Read the ruling and opinions for yourself here:
From SCOTUSBlog:
In her 26-page opinion for the majority, Barrett stressed that courts would have the power to issue universal injunctions only if courts had provided similar remedies in early English and U.S. history. But there is no such history, Barrett concluded. Indeed, she noted, “universal injunctions were not a feature of federal-court litigation until sometime in the 20th century,” and they “remained rare until the turn of the 21st century.”
Barrett also pushed back against the suggestion that the district courts issued the universal injunctions in this case to provide the challengers with complete relief. Although the principle of complete relief is an important one, she recognized, it is a “narrower concept” than a universal injunction, and it focuses on the idea of providing “complete relief between the parties” in a particular case.
In this case, Barrett wrote, “prohibiting enforcement of the Executive Order against the child of an individual pregnant plaintiff will give that plaintiff complete relief: Her child will not be denied citizenship. Extending the injunction to cover all other similarly situated individuals would not render her relief any more complete.”

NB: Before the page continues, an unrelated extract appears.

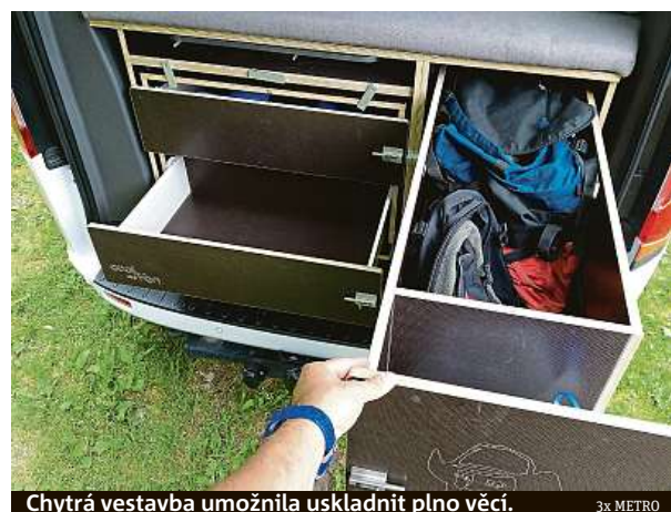
Chytrá vestavba umožnila uskladnit plno věcí.

The court did not decide whether the district courts’ injunctions should be narrower for the states challenging the executive order, and instead left it to the “lower courts [to] determine whether a narrower injunction is appropriate.” The states had argued, Barrett noted, that a universal injunction was necessary to give the states complete relief because of, for example, the likelihood that residents will move from one state to another or be born in a different state from their parents’ residence. Otherwise, the states contended, they would have to “track and verify the immigration status of the parents of every child, along with the birth State of every child for whom they provide certain federally funded benefits” that are contingent on U.S. citizenship.
“Legalese”
If I were a Supreme Court Justice, I would tell my clerks to avoid using the word “legalese” in a dissent.
It’s like the complaint “You’re arguing semantics!”

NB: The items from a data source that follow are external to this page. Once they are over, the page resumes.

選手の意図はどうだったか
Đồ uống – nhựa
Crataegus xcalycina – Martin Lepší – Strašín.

Well, yes. We’re arguing about meaning.
If you’d prefer to complain about how the sentence is not well-formed, we could do that, but soon thereafter we’ll be back to arguing semantics.
The Republicans actually don’t oppose nationwide injunctions: they are constantly going to judges like O’Connor and Kacsmaryk for nationwide injunctions. And SCOTUS doesn’t oppose them either. If President Harris issued an EO banning guns, they’d uphold a district court’s injunction in a hot second. They oppose injunctions that stop Trump. That’s it.
Maybe we should have something like a “limiting principle”.